#### [PROBLEM TO WORK ON]
Retype the material that follows exactly, limited to the lines from the one with "後期高齢者医療費の窓口負担割合は下表の所得区分によって決まります。" through the one with "Hands kōng gāo |", and keep out all pictures.

#### [PROVIDED MATERIAL]
════

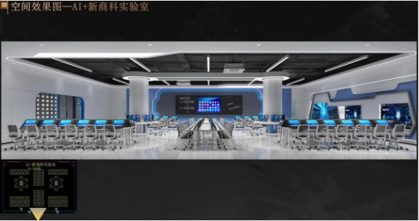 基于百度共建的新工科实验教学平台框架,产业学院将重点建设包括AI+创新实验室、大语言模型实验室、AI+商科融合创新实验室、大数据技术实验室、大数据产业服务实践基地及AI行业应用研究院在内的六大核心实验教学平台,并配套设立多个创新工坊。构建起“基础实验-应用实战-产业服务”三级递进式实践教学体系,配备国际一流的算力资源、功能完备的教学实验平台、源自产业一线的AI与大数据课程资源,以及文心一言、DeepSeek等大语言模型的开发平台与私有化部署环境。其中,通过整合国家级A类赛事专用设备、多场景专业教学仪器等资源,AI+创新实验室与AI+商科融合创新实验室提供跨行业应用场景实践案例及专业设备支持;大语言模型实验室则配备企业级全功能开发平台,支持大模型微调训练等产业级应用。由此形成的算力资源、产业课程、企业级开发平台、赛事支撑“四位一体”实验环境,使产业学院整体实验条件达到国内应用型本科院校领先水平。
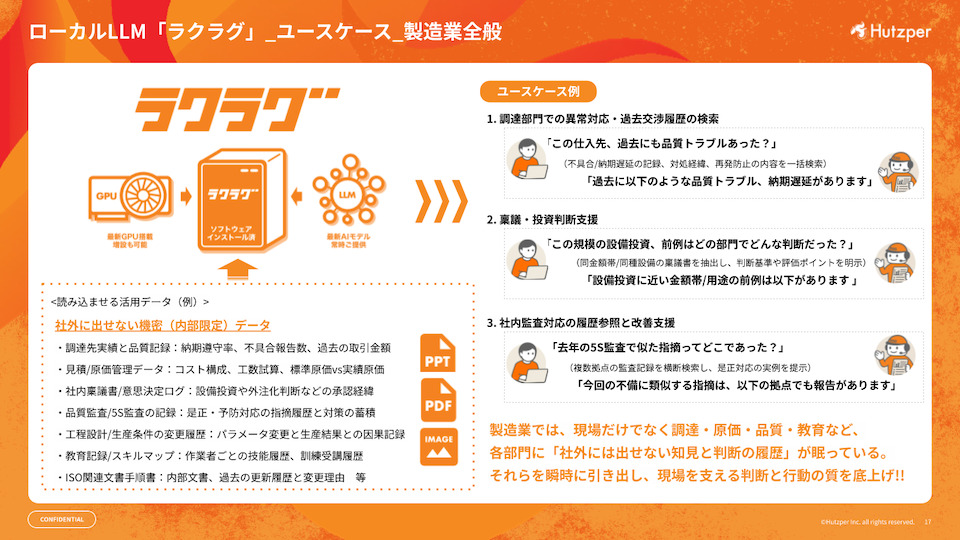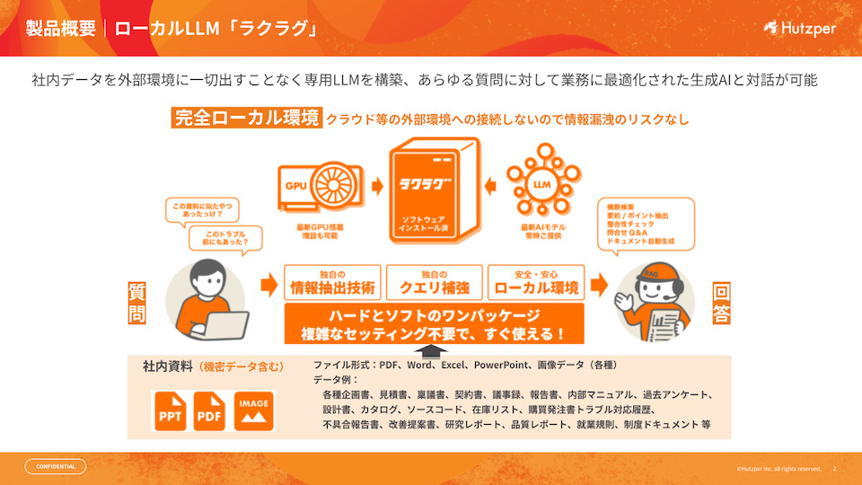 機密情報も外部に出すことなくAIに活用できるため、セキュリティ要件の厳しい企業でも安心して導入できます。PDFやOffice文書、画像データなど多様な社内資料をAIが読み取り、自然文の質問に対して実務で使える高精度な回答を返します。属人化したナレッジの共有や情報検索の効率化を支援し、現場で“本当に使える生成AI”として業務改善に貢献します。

════

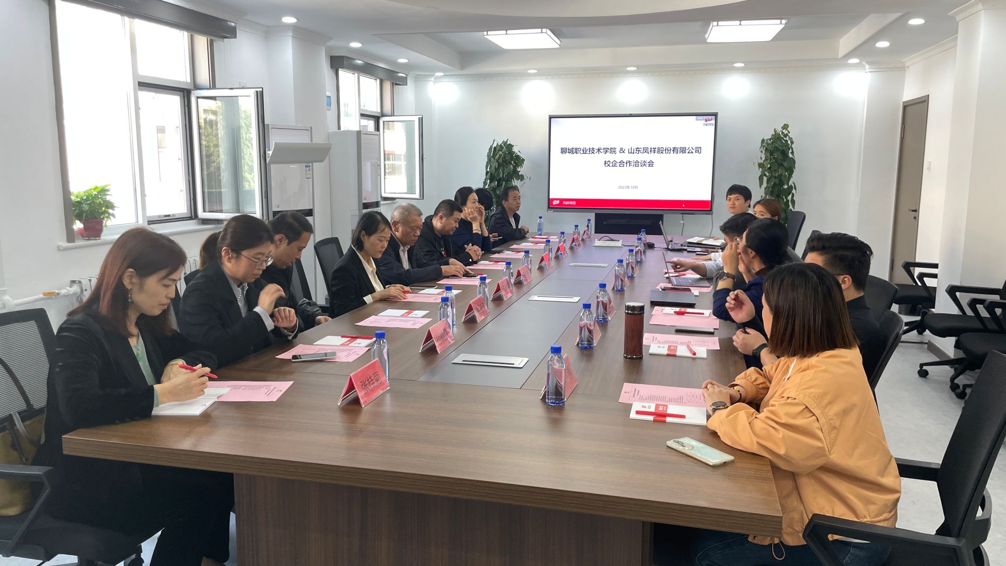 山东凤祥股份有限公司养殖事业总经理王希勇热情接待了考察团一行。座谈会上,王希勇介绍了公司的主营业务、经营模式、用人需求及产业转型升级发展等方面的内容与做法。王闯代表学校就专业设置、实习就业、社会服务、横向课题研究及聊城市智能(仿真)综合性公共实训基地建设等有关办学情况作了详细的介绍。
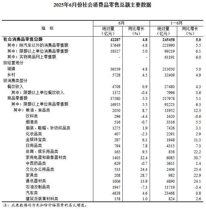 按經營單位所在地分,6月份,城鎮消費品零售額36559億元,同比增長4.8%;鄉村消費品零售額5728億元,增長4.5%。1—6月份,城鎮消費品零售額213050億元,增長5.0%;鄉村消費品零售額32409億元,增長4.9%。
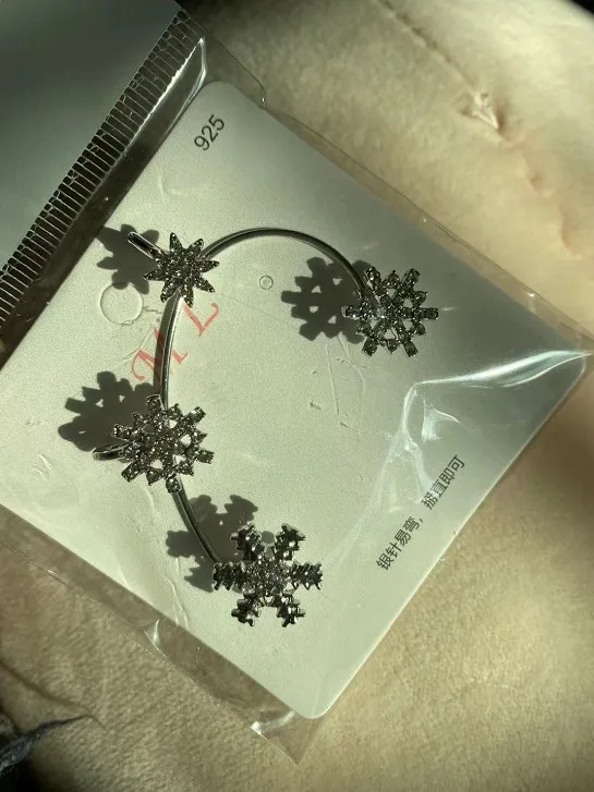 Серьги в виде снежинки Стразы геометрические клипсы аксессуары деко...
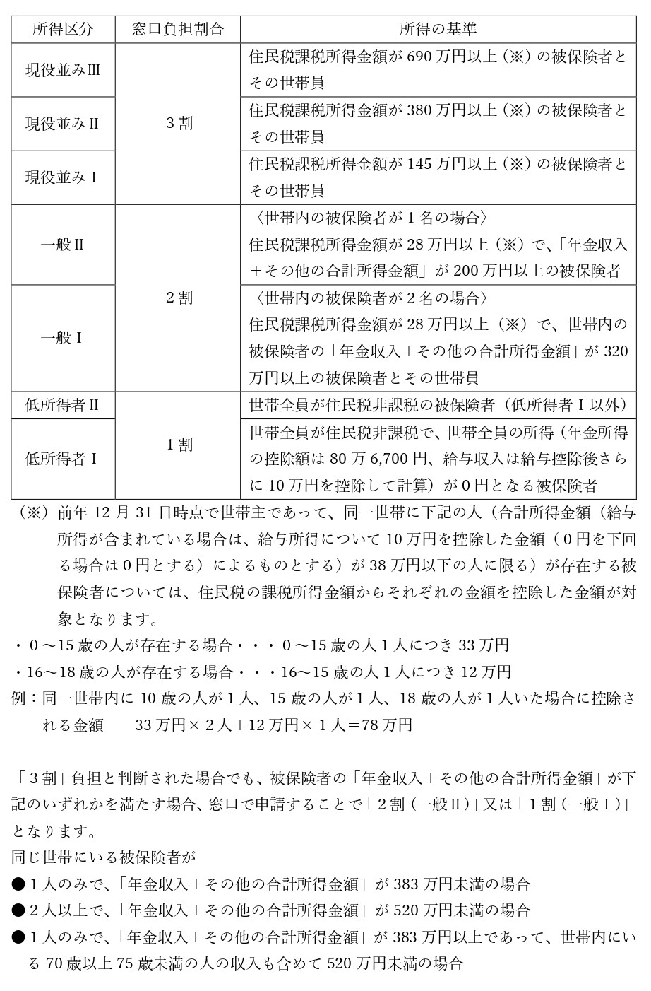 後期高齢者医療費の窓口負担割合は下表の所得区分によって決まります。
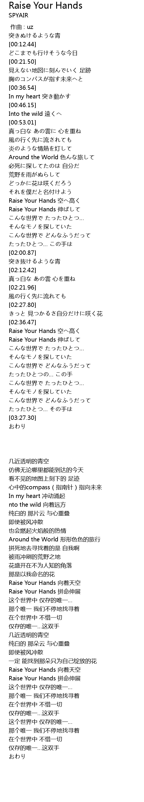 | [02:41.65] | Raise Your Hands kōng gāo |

════

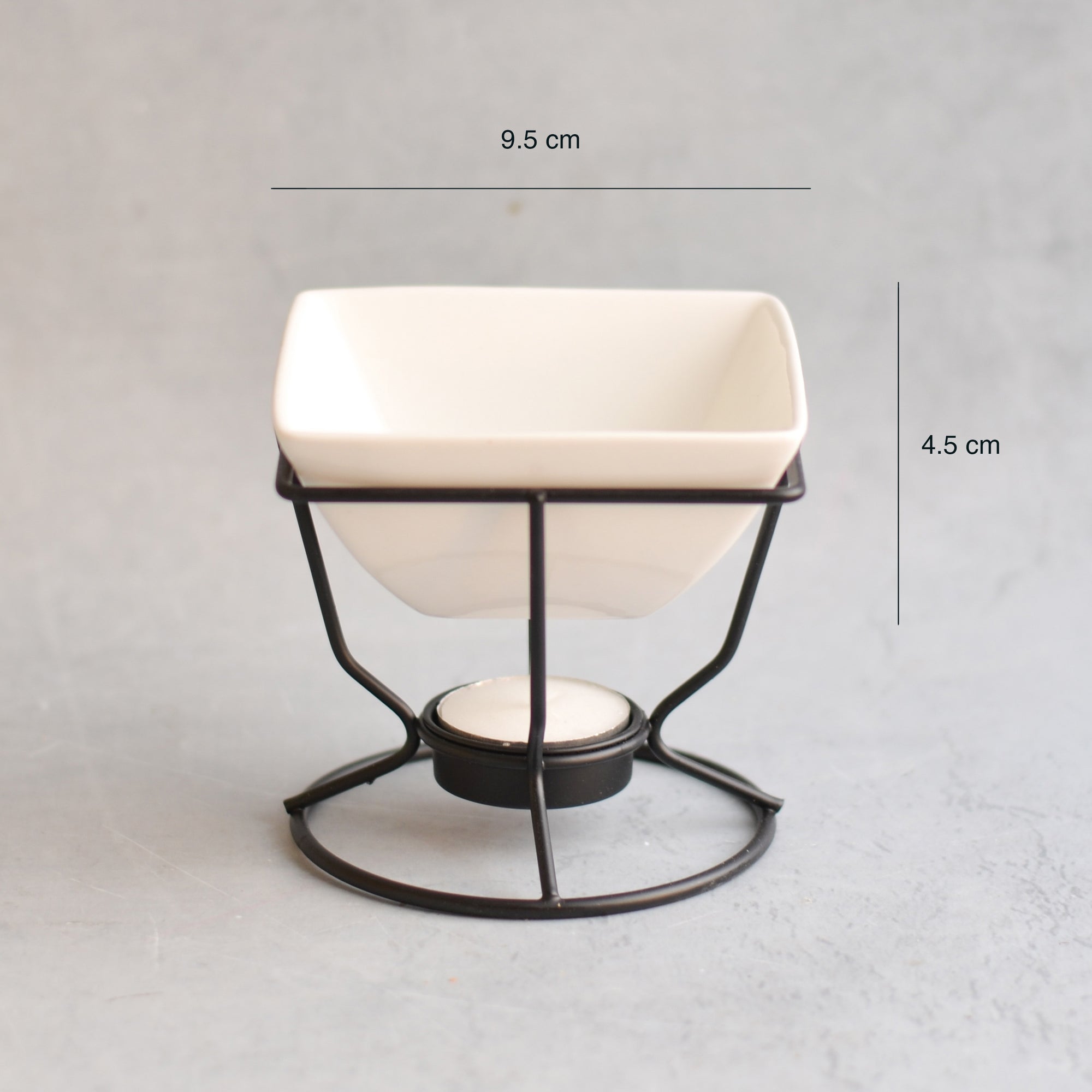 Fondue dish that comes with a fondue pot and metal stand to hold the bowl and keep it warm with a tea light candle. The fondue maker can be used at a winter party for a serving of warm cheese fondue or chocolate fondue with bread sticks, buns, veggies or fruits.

════

#### [WRITTEN RESPONSE]
 後期高齢者医療費の窓口負担割合は下表の所得区分によって決まります。
 | [02:41.65] | Raise Your Hands kōng gāo |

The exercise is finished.